Sprint reports smaller financial losses but higher customer defections
04/30/2014 9:35 AM
05/16/2014 1:31 PM
Sprint felt the heat of competition and its own disruptive network upgrade work as it shed nearly a half million subscribers during the first three months of the year.
The Overland Park wireless carrier on Tuesday said its customer count fell by 467,000 in the first quarter, compared with 415,000 it lost a year ago. The first quarter is traditionally weak for the wireless service industry.
Sprint shares jumped more than 11 percent partly on the company’s forecast that its contract customers will increase in the second half of the year and that its financial outlook is improving as well. Shares gained 84 cents and closed at $8.27.
Chief financial officer Joe Euteneuer said Sprint’s new Framily service plan will help in that cause. It gives a discount to customers who recruit additional subscribers under the friends-and-family plan Sprint calls Framily.
“We want our customers to be our sales advocates, to go out and get us more” customers, he said. “That’s really the power of the service.”
During the first quarter — in which Framily was available only a short while — subscriber losses included 231,000 customers under contract, which produce the most revenue for the company. Month-to-month subscriptions fell by 364,000.
Sprint ended March with 54.9 million customer connections, including 4.85 million non-phone devices. A year ago, it had 55.2 million subscribers.
Management attributed some of the decline to changes in how the federal Lifeline phone support program certifies eligible participants.
But the big hit, according to the company, came from unhappy customers who suffered blocked and dropped calls as Sprint crews work on ripping out and replacing the old voice network while building a new data network.
Sprint said its network upgrade will be mostly done at midyear and it will lose fewer customers because of it. It officially promised to increase its total number of customers under contract during the second half of his year.
Bill Ho, an industry observer with 556 Ventures LLC in Reston, Va., said it was noteworthy that the company flagged its own behavior during a highly competitive market.
No. 4 carrier T-Mobile US aggressively sought new customers in the quarter by agreeing to pay their early termination fees at other carriers if they switch.
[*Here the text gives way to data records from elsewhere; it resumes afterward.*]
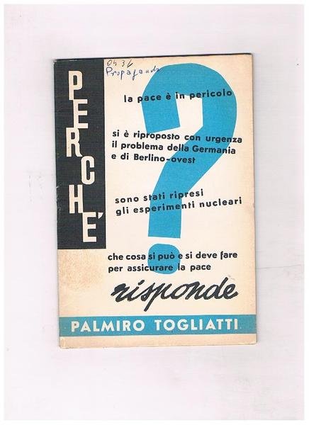 Discorso pronunciato alla Camera dei Deputati dall'on. Palmiro Togliatti, il 27 settembre 1961, in occasione del dibattito sul Bilancio del Minstero degli Esteri. Con una chiara analisi delle cause che sono alla base della crisi internazionale, il Segretario Generale del P.C.I. risponde alle più assillanti domande che si pongono all'opinione pubbli | Libri antichi e moderni | Togliatti Palmiro.
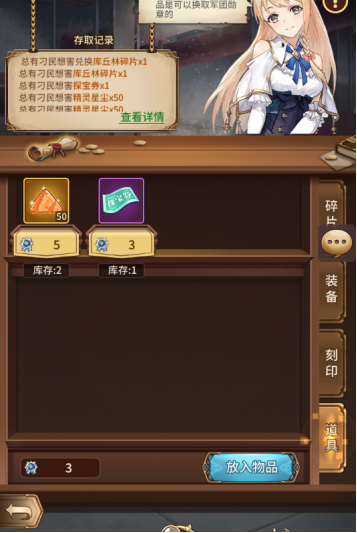 宝库内可以投放碎片、装备、刻印、道具等物品,玩家投放物品后可获得相应数量的军团勋章,军团勋章可以在军团宝库购买你所需要的碎片、装备、刻印、道具等物品。
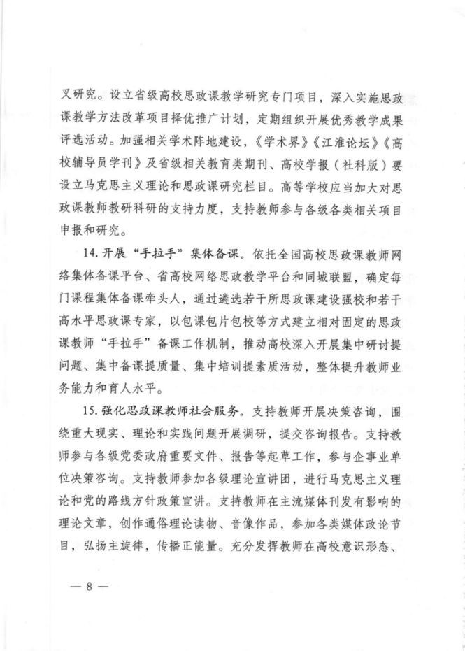 51.支持思政课教师参与各级党政部门重要文件、工作报告等起草工作,参与企事业单位决策咨询 | B |

Sprint launched a similar program that expires next month.
Analysts had said AT&T and Verizon each posted an increase in subscribers under contract during the quarter but relied heavily on new tablet subscriptions to do so. Tablets generate less revenue for the wireless companies than cellphone contracts do.
Verizon in particular said its tablet and other non-phone connections grew more than its total of customers under contract. The upshot was its phone connections under contract declined by 100,000 in the quarter.
Analyst Craig Moffett of MoffettNathanson Research said Sprint suffered the same fate. Its contract subscriber count got a big boost from the 516,000 tablets that customers connected but still declined overall by the 231,000 Sprint reported.
All told, Sprint shed “a truly heart-stopping” number of phone subscribers, Moffett wrote in a note to clients.
Financially, however, Sprint fared better early this year. Its net loss totaled $151 million, down from the $643 million loss it suffered in the first three months of 2013.
Its operations earned a profit of $420 million, the best showing in seven years. The total doesn’t count interest expenses and other charges that led to the $151 million net loss. Its revenues totaled $8.9 billion, up from $8.8 billion a year earlier.